Instructions for the task. For this exercise, write each entry below out precisely and omit the pictures.

Collected data:
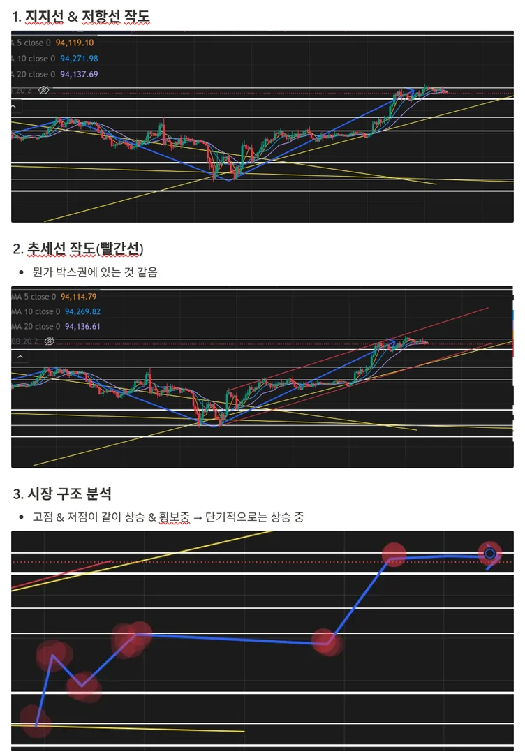 작은 프레임에서는 횡보 구간이라 패턴을 그리기 어려웠습니다. 그리고 추세선은 조금 시간이 지나고 나서야 쓰이지 않을까 하는 생각입니다...
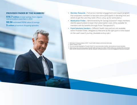 PROVIDER FINDER BY THE NUMBERS4$16.7 million in total savings from organic cost procedure searches in 2024$0.56 estimated PEPM value of savings5 million procedure shopping episodes1. McKinsey & Company analysis of 2021. Truven Health Analytics commercial claims data2. AKASA, October 4, 20223. The cost estimates displayed on Provider Finder%u00ae for various providers, facilities, and procedures are just estimates. 4. 2024 savings data is based on organic Provider Finder searches from subset of Book of Business. Excludes IFM, Government, HMO, and all members with BVA, HAS, Member Rewards, Call Requirements, or any other engagement/redirection program. %u2022 Member Rewards %u2013 Full-service member engagement and reward program that empowers members to become active participants in deciding how and where to get the care they need. (This is a buy up for some plans.)%u2022 Medication Finder %u2013 Administered by Rx Savings Solutions%u00ae, helps members identify opportunities to lower their prescription costs. (Only available for members with Rx benefits through Prime Therapeutics%u00ae.)%u2022 Point Solutions Vendors %u2013 Different health care partners are available within Provider Finder, designed to intervene at the right point in time based on the user%u2019s search journey. (Available as buy-ups.)
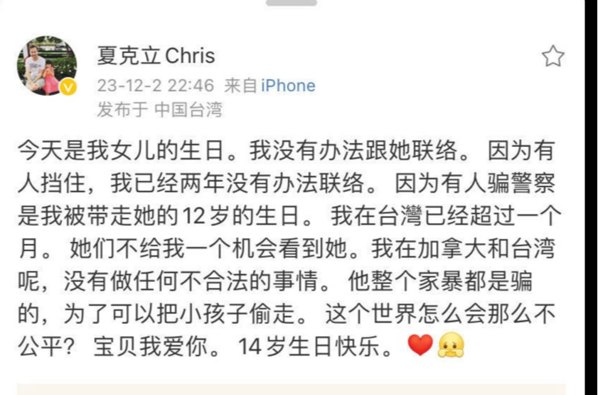 12月2日,夏克立在社交平台发文为女儿夏天庆生,并称已经有两年没有办法联络到女儿,因为有人挡住,“她们不给我一个机会看到她”“我没有做任何不合法的事情,她整个家暴都是骗的,为了可以把小孩子偷走。”
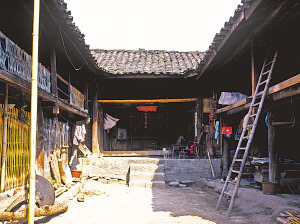廚房大都在左間,地中間橫砌土臺鍋灶,上面是兩口大鐵鍋??亢髩κ谴毒摺⒉途?,前面是石碓,平時搗豬飼料,節(jié)日搗粑粑,用石碓搗的辣椒面也格外好吃。右間大都是家長的居室,只放木床。兩側廂房與主房分離,木板梯上下。一側下層是豬圈、牛欄,上邊存干草;另一側下面堆放糧食、燒柴、摩托車,上層是未婚子女的臥室,有廊道、腰欄。院落小的,在主房對面設牛欄,砌土坯墻圍成獨立的合院。
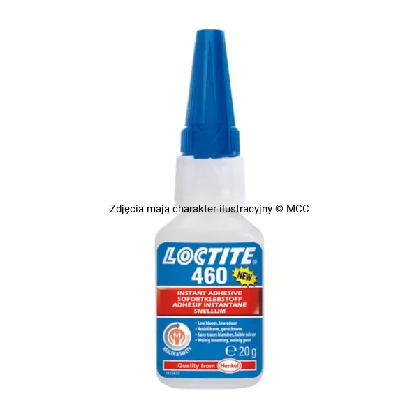 LOCTITE® 460 to przezroczysty, bezbarwny klej na bazie alkoksyetylu o słabym zapachu i niskiej lepkości. Błyskawicznie łączy (w ciągu 5-20 sek.) szeroką gamę materiałów, włącznie z metalami, tworzywami sztucznymi i elastomerami. Szczególnie nadaje się do aplikacji, gdzie potrzebna jest kontrola oparów i dobrze nadaje się do klejenia materiałów porowatych lub chłonnych.
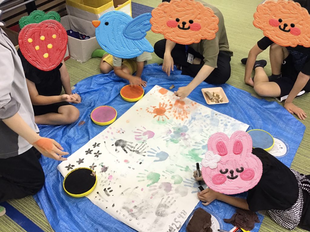 手形で太陽の形を作ったり、いろいろな色の手形を付けたりしてカラフルな絵を作り上げました😆

Response to this task.
 작은 프레임에서는 횡보 구간이라 패턴을 그리기 어려웠습니다. 그리고 추세선은 조금 시간이 지나고 나서야 쓰이지 않을까 하는 생각입니다...
 PROVIDER FINDER BY THE NUMBERS4$16.7 million in total savings from organic cost procedure searches in 2024$0.56 estimated PEPM value of savings5 million procedure shopping episodes1. McKinsey & Company analysis of 2021. Truven Health Analytics commercial claims data2. AKASA, October 4, 20223. The cost estimates displayed on Provider Finder%u00ae for various providers, facilities, and procedures are just estimates. 4. 2024 savings data is based on organic Provider Finder searches from subset of Book of Business. Excludes IFM, Government, HMO, and all members with BVA, HAS, Member Rewards, Call Requirements, or any other engagement/redirection program. %u2022 Member Rewards %u2013 Full-service member engagement and reward program that empowers members to become active participants in deciding how and where to get the care they need. (This is a buy up for some plans.)%u2022 Medication Finder %u2013 Administered by Rx Savings Solutions%u00ae, helps members identify opportunities to lower their prescription costs. (Only available for members with Rx benefits through Prime Therapeutics%u00ae.)%u2022 Point Solutions Vendors %u2013 Different health care partners are available within Provider Finder, designed to intervene at the right point in time based on the user%u2019s search journey. (Available as buy-ups.)
 12月2日,夏克立在社交平台发文为女儿夏天庆生,并称已经有两年没有办法联络到女儿,因为有人挡住,“她们不给我一个机会看到她”“我没有做任何不合法的事情,她整个家暴都是骗的,为了可以把小孩子偷走。”
廚房大都在左間,地中間橫砌土臺鍋灶,上面是兩口大鐵鍋??亢髩κ谴毒摺⒉途?,前面是石碓,平時搗豬飼料,節(jié)日搗粑粑,用石碓搗的辣椒面也格外好吃。右間大都是家長的居室,只放木床。兩側廂房與主房分離,木板梯上下。一側下層是豬圈、牛欄,上邊存干草;另一側下面堆放糧食、燒柴、摩托車,上層是未婚子女的臥室,有廊道、腰欄。院落小的,在主房對面設牛欄,砌土坯墻圍成獨立的合院。
 LOCTITE® 460 to przezroczysty, bezbarwny klej na bazie alkoksyetylu o słabym zapachu i niskiej lepkości. Błyskawicznie łączy (w ciągu 5-20 sek.) szeroką gamę materiałów, włącznie z metalami, tworzywami sztucznymi i elastomerami. Szczególnie nadaje się do aplikacji, gdzie potrzebna jest kontrola oparów i dobrze nadaje się do klejenia materiałów porowatych lub chłonnych.
 手形で太陽の形を作ったり、いろいろな色の手形を付けたりしてカラフルな絵を作り上げました😆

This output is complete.